**TASK BRIEF:** Below are entries. Give back exactly the lines from the one containing "8. 순두부찌개는 구수하면서" through the one containing "HOMCOM TV Stand", inclusive, without the pictures.

**RAW DATA:**
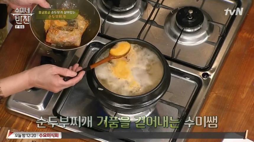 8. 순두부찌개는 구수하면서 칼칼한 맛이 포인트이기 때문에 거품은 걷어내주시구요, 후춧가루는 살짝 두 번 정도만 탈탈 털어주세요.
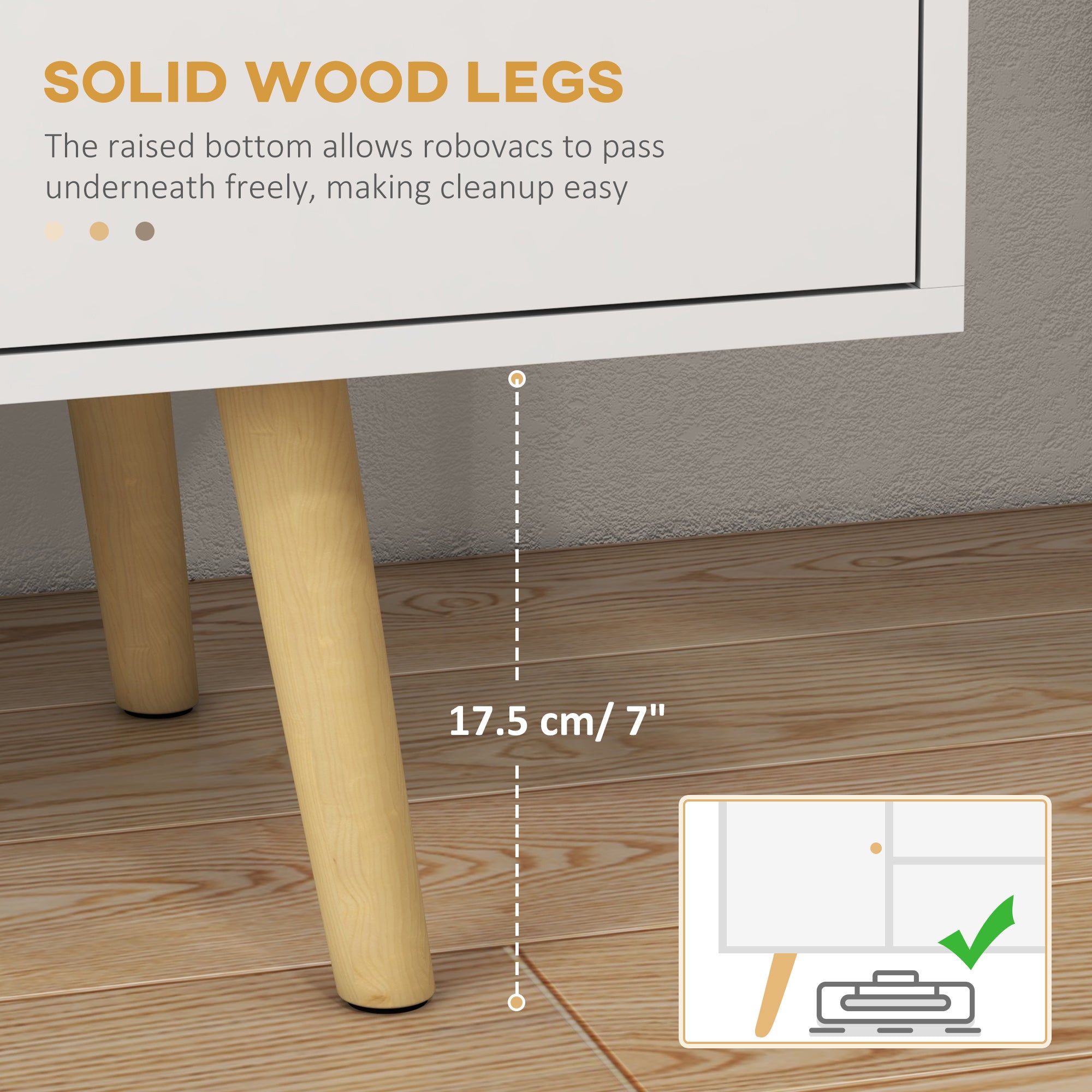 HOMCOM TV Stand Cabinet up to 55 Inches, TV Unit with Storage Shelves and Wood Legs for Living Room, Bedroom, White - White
...
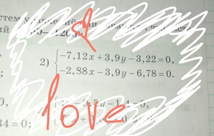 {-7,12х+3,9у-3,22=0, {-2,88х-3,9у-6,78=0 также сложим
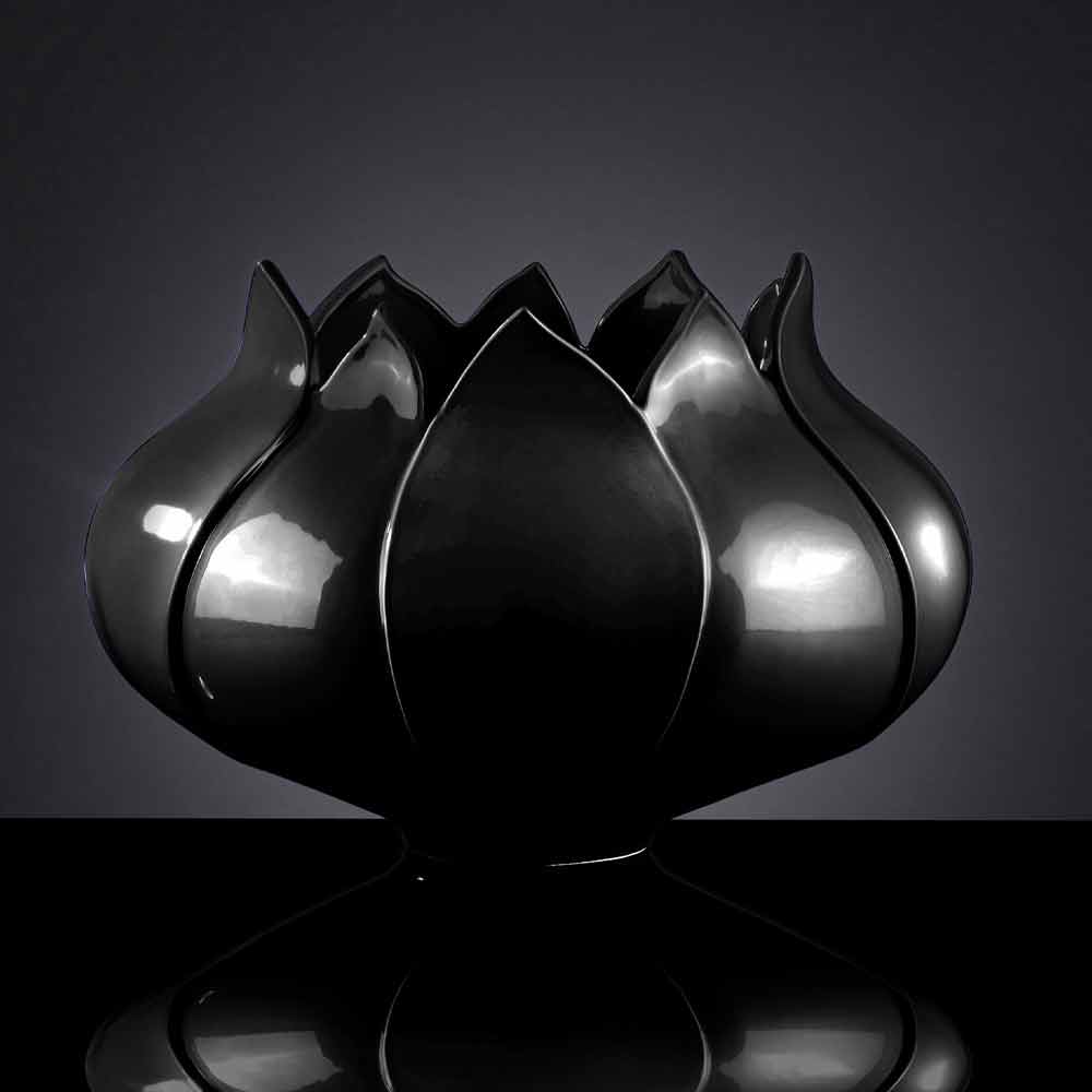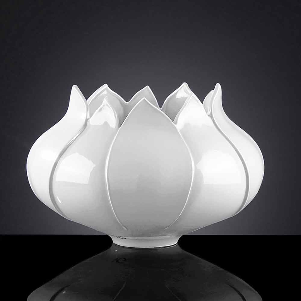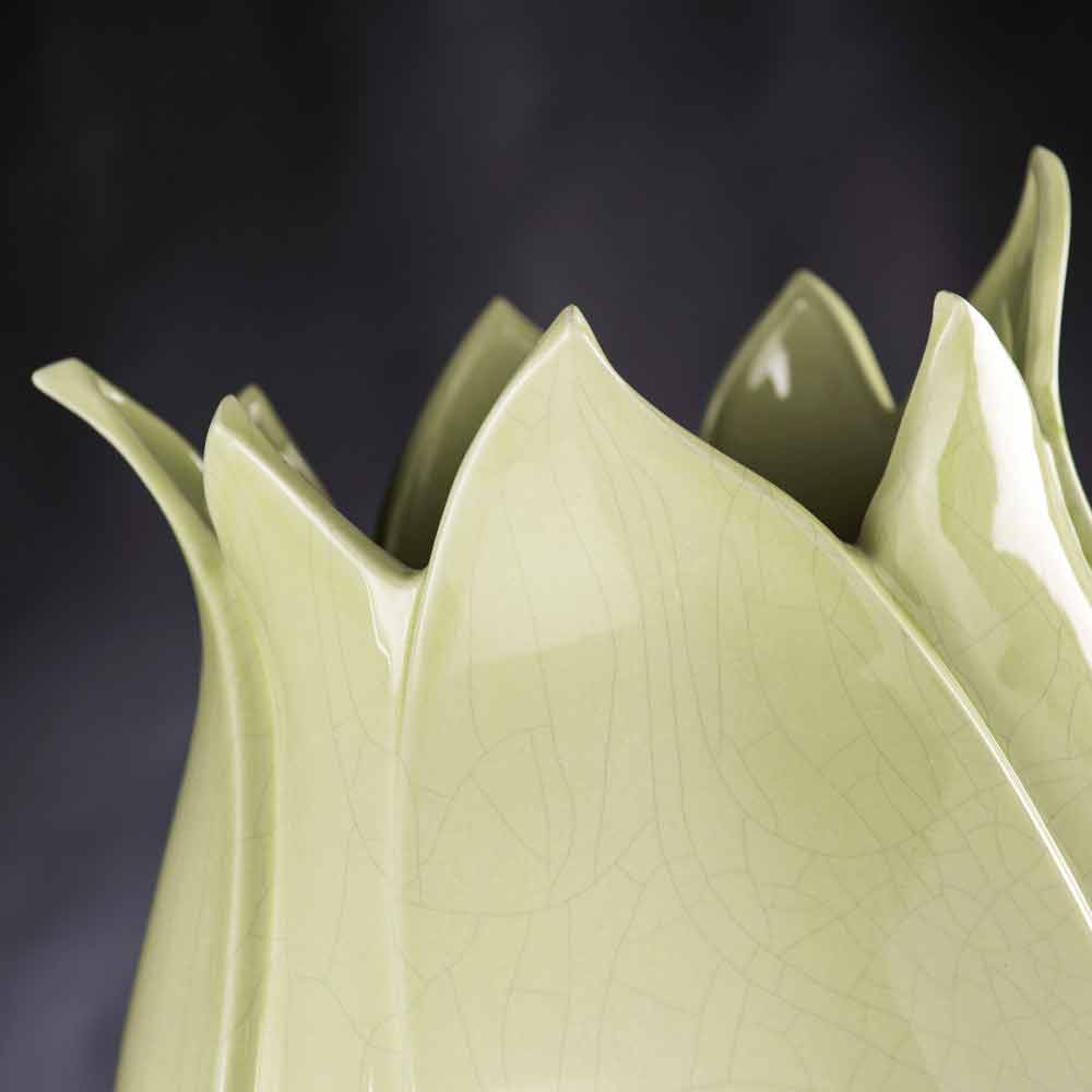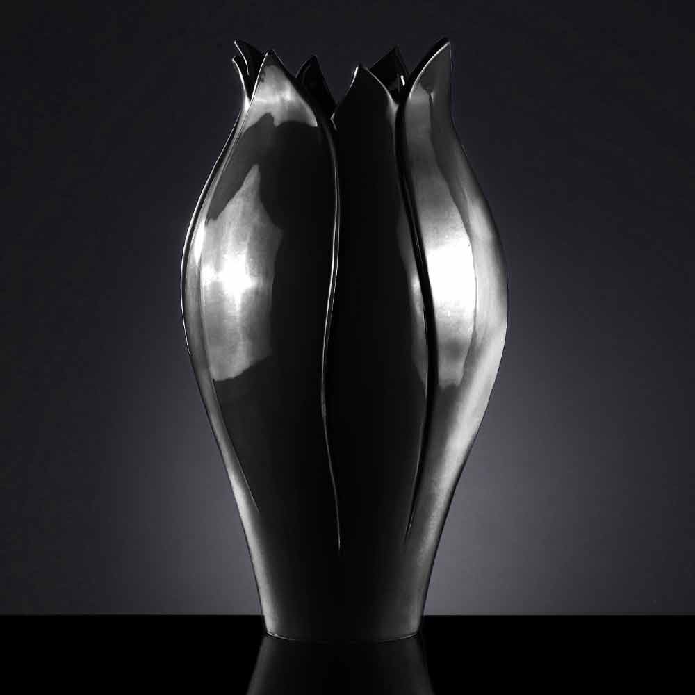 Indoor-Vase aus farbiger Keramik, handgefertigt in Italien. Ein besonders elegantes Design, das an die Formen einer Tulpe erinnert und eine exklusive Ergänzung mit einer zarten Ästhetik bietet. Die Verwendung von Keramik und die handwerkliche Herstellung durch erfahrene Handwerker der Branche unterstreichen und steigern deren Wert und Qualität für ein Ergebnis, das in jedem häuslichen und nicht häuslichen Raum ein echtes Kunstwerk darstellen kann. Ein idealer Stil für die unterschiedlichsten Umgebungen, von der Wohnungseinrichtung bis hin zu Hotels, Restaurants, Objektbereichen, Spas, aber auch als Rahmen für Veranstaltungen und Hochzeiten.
* * *
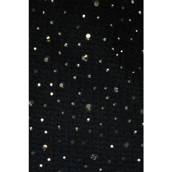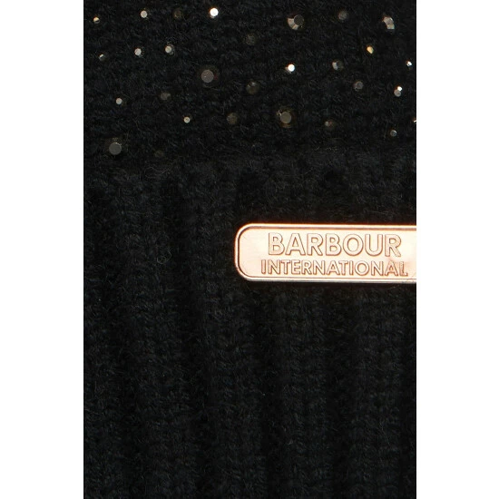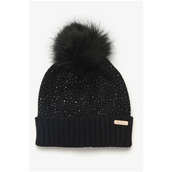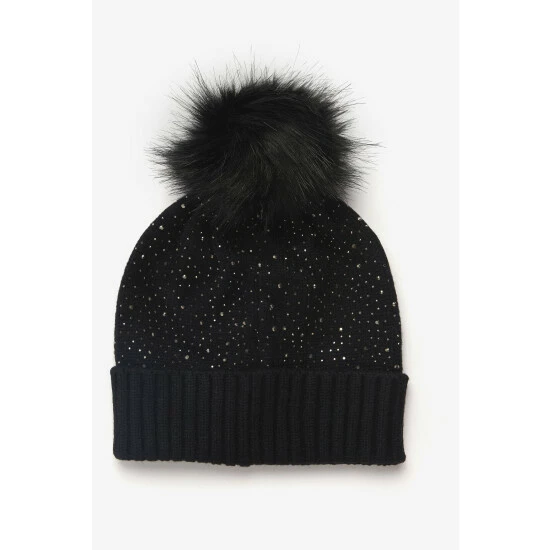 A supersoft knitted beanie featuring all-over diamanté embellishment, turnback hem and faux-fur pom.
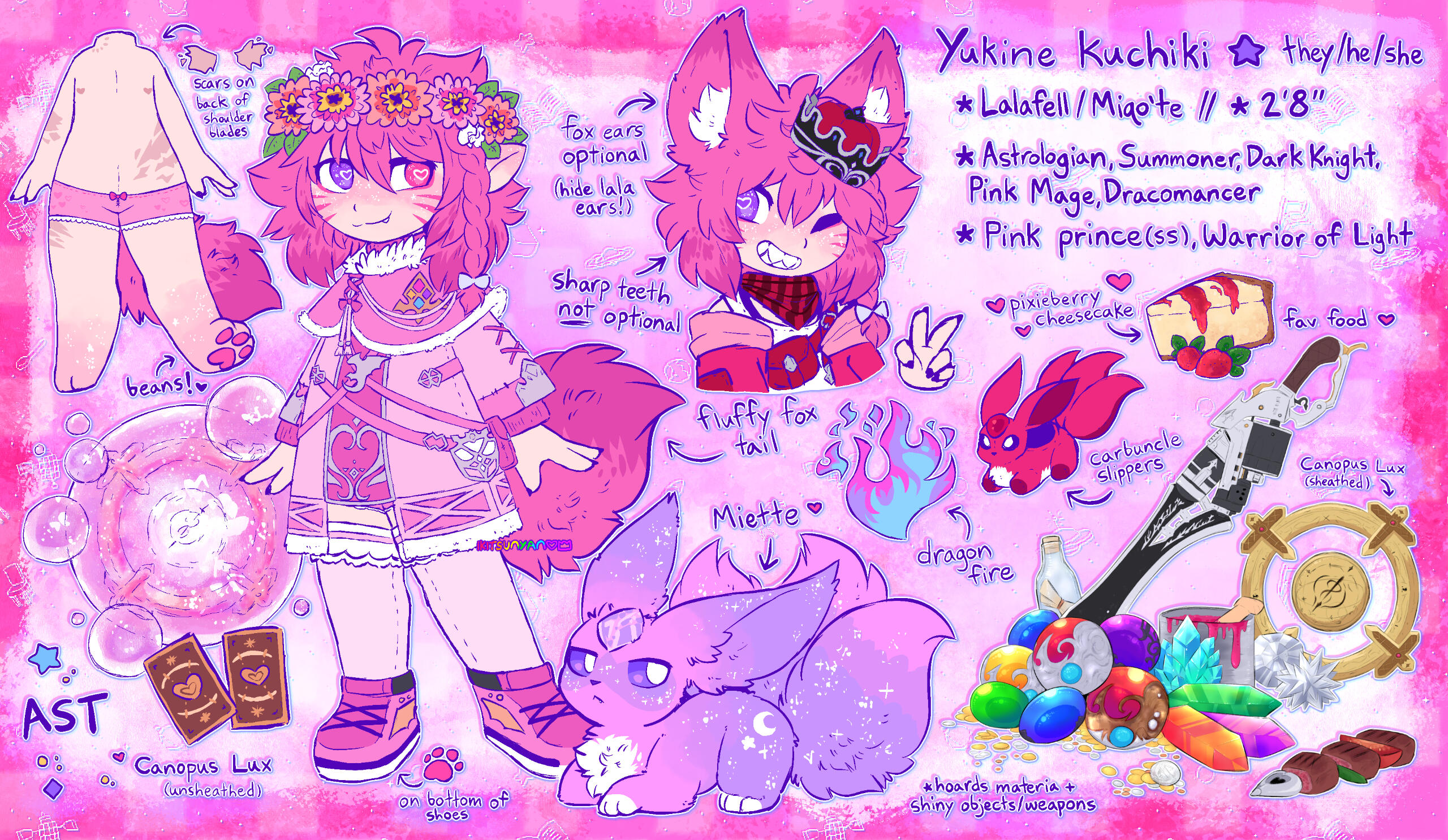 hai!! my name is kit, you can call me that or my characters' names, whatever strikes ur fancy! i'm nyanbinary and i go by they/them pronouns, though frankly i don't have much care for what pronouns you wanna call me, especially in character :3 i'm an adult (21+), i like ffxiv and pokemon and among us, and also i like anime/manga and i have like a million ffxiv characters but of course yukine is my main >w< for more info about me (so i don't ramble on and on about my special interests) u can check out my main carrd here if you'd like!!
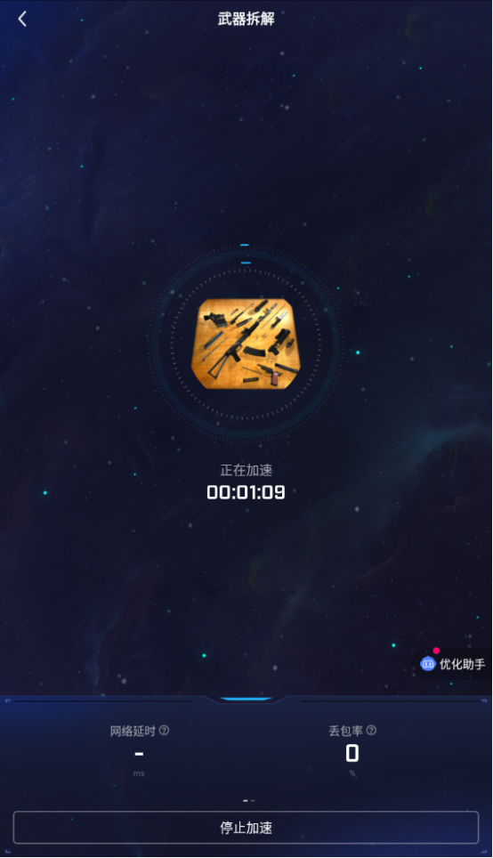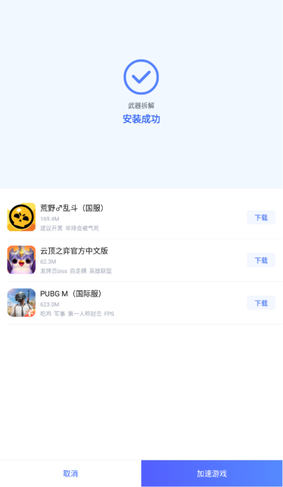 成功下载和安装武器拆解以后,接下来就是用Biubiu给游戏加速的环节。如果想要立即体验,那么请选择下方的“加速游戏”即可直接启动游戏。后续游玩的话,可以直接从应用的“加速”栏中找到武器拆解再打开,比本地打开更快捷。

**REPLY TO THE EXERCISE:**
 8. 순두부찌개는 구수하면서 칼칼한 맛이 포인트이기 때문에 거품은 걷어내주시구요, 후춧가루는 살짝 두 번 정도만 탈탈 털어주세요.
 HOMCOM TV Stand Cabinet up to 55 Inches, TV Unit with Storage Shelves and Wood Legs for Living Room, Bedroom, White - White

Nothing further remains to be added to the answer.